- _REQUIRED WORK_: Please write out exactly the lines of the data below from the line holding "Other Photos (chronological)" through the line holding "Now, you can", and leave out the rest.

━━━ TASK MATERIAL ━━━

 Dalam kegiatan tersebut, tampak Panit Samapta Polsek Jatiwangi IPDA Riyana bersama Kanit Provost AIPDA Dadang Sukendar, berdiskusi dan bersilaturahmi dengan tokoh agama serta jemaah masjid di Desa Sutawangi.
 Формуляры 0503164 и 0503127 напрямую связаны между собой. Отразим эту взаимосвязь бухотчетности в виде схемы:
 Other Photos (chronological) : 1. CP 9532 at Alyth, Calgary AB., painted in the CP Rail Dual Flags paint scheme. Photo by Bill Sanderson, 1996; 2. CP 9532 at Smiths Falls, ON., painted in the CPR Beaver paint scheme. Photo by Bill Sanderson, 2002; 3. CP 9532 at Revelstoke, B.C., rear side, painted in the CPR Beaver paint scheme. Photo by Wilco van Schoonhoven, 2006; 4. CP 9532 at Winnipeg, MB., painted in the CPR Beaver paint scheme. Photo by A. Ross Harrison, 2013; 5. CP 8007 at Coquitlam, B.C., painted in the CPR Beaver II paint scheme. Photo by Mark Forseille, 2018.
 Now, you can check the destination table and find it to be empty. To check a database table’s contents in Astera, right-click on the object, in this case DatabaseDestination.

━━━
━━━ TASK MATERIAL ━━━

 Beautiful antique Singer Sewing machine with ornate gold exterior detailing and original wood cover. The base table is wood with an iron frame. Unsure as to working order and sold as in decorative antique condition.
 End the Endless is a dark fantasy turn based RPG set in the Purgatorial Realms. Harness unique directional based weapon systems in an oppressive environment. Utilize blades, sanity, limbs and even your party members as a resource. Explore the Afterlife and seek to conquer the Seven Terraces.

━━━

- _WRITTEN SOLUTION_:
 Other Photos (chronological) : 1. CP 9532 at Alyth, Calgary AB., painted in the CP Rail Dual Flags paint scheme. Photo by Bill Sanderson, 1996; 2. CP 9532 at Smiths Falls, ON., painted in the CPR Beaver paint scheme. Photo by Bill Sanderson, 2002; 3. CP 9532 at Revelstoke, B.C., rear side, painted in the CPR Beaver paint scheme. Photo by Wilco van Schoonhoven, 2006; 4. CP 9532 at Winnipeg, MB., painted in the CPR Beaver paint scheme. Photo by A. Ross Harrison, 2013; 5. CP 8007 at Coquitlam, B.C., painted in the CPR Beaver II paint scheme. Photo by Mark Forseille, 2018.
 Now, you can check the destination table and find it to be empty. To check a database table’s contents in Astera, right-click on the object, in this case DatabaseDestination.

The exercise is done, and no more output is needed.